Des plaques techniques M0 aux systèmes complets

Si Knauf est absent des produits en poudre, il est, en revanche, bien présent dans celui des plaques. Comme ses deux concurrents, il a développé des plaques M0 qui suivant leur épaisseur, leur nombre, leur type de montage peuvent assurer les niveaux de protection requis par la réglementation. Outre sa plaque M0, il propose la Fireboard spécial M0, une plaque armée dans la masse de fibres de verre et parementée par un voile en fibres de verre, à très haute résistance au feu et dont les principales applications vont aux cloisons, plafonds, habillages de poutres et poteaux métalliques, conduits de désenfumage et amenées d’air, protection des chemins de câbles. Dans une technologie proche, la plaque Pregyfeu M0 de Lafarge Plâtres contient un cœur en plâtre compris entre 2 parements en voile de verre enduit.
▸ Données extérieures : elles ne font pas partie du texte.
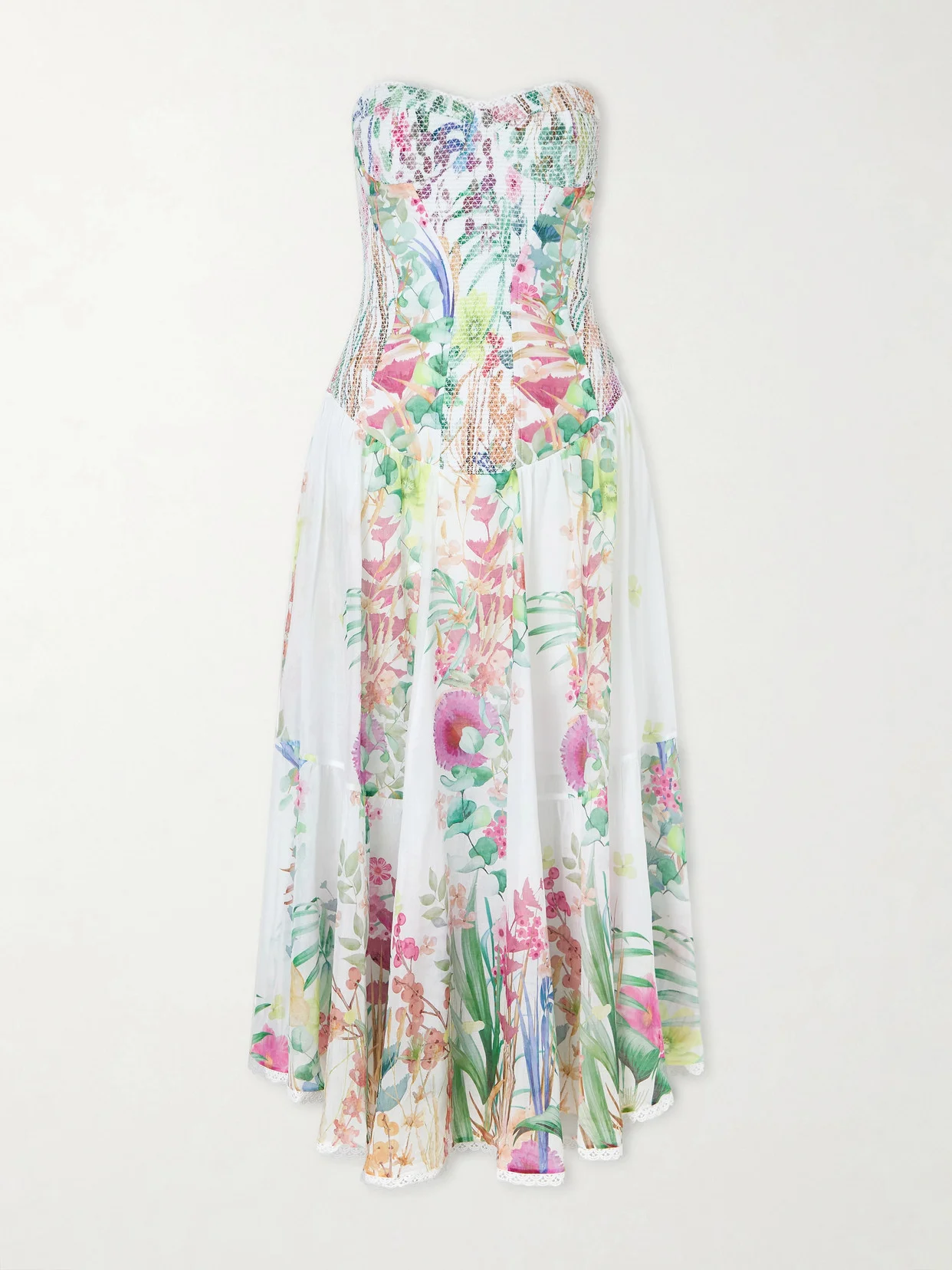 Illyr Off-the-shoulder Smocked Floral-print Cotton-blend Voile Midi Dress

De son côté, BPB Placo propose des plaques techniques de résistance au feu M0, telles que Lisaplac M0, Lisaflam et Stucal M0. ­Elles sont toutes le plus souvent vissées sur des agrafes spéciales pour les habillages de poteaux et poutres, sur les ossatures métalliques pour les habillages et les encloisonnements de poteaux. L’épaisseur de protection à mettre en œuvre dépend du type de plaque utilisé, du facteur de massivité des fers pour les structures acier ainsi que de la température de ruine de la structure. On peut noter certains systèmes existants :

– chez BPB Placo : des solutions pour la protection par plaques des structures acier, la réalisation de conduits/gaines de ventilation et de désenfumage ­horizontaux ;

– chez Lafarge Plâtres : des systèmes de conduits horizontaux et verticaux pour le désenfumage et la ventilation et des encoffrements de protection au feu des structures métalliques porteuses (poteaux et poutres) ;

– chez Knauf : des gaines techniques d’habitation, des gaines d’ERP, des conduits de désenfumage horizontaux simple peau, d’amenée d’air simple peau, des systèmes de protection ­poteaux poutres par agrafage et/ou clipsage, et des protections de chemins de câbles électriques. Pour terminer cette revue des solutions actuelles disponibles, on notera aussi que les deux fabricants français de plâtre en poudre proposent chacun des protections au feu des conduits verticaux mettant en œuvre des carreaux de plâtre.